Davina Allinson Davina Allison’s work has recently appeared in Eureka Street, Poetry Scotland, Eremos, Dappled Things, The Australian Poetry Journal, and on the ABC Religion and Ethics Website. She has a degree in Classics and a Masters in Applied Linguistics with Honours. Davina is also an ESL teacher, and is completing a PhD in text linguistics.

Mark Blayney Mark won the Somerset Maugham Prize for Two Kinds of Silence. He hosts and co-organises National Theatre Wales’ Word4Word events and is a UK Slam Finalist. Commendations include the Arvon Postcard Prize and the Poets Meet Painters Prize, Ireland. Mark lives in Cardiff.
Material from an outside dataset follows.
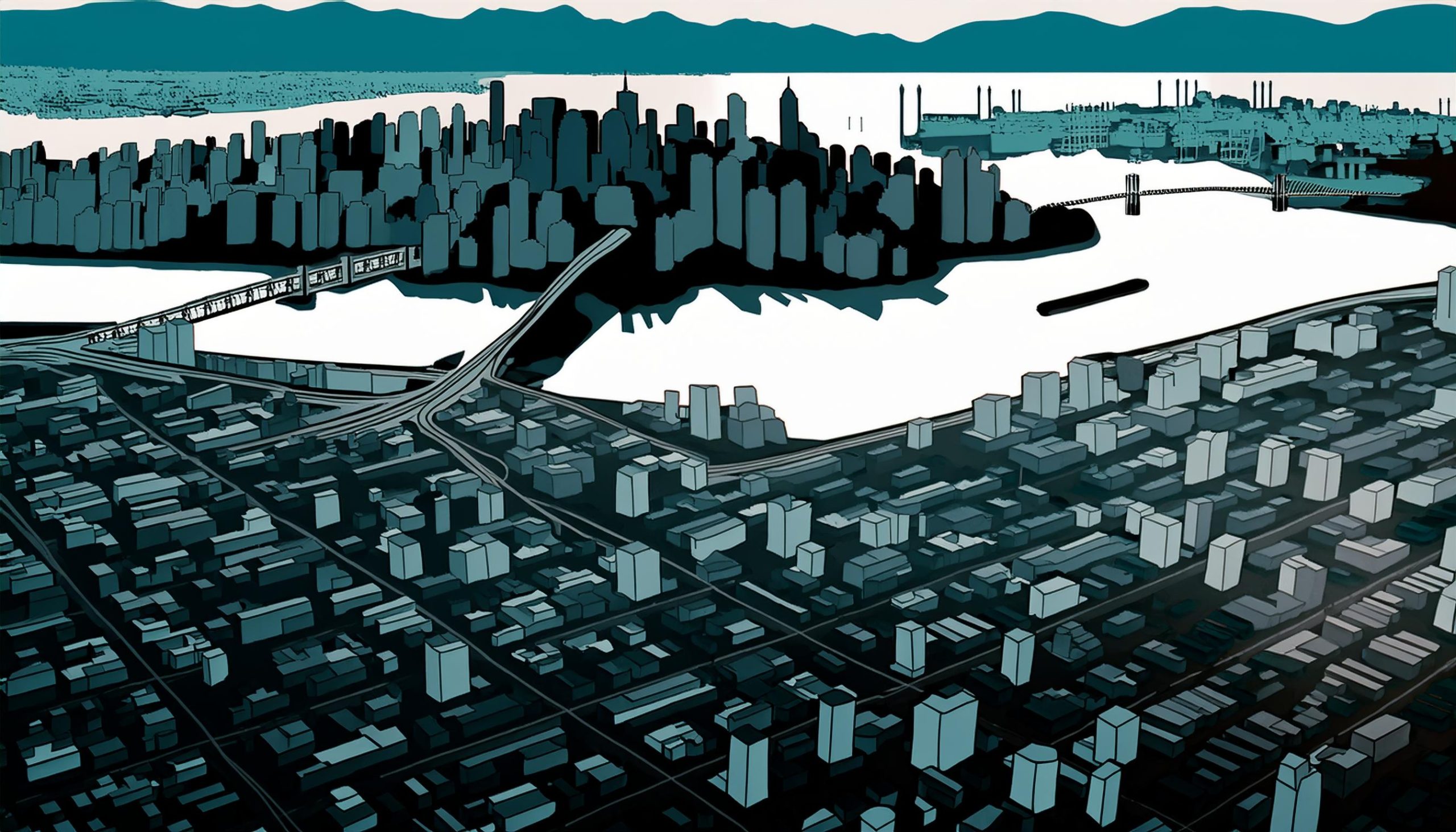 Firefly Vancouver City, in the style of simplified, ethereal, bold graphic illustrations 88067
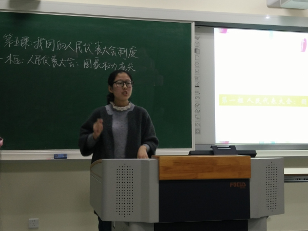 接下来授课的是第六组的刘晓梅同学,她为我们带来的是《人民代表大会制度》的教学内容。晓梅同学精心准备了这次授课,她首先引出两会的时政热点,接着回顾了以往的学习内容,并与今天的教学内容相结合,引导同学们养成串联前后知识点的好习惯。逻辑清晰严密的板书,富有感染力的讲解,晓梅同学顺利完成教学目标。

Edward Bond (born 18 July 1934) is an English Playwright. He is the author of some fifty plays among them Saved (1965), the production of which was instrumental in the abolition of theatre censorship in the UK. Bond is broadly considered one among the major living dramatists but he has always been and still remains highly controversial because of the violence shown in his plays and the radicalism of his statements about modern theatre and society and of his theories on drama.

Chris Cornwell is a poet and philosopher and former editor of The Lampeter Review.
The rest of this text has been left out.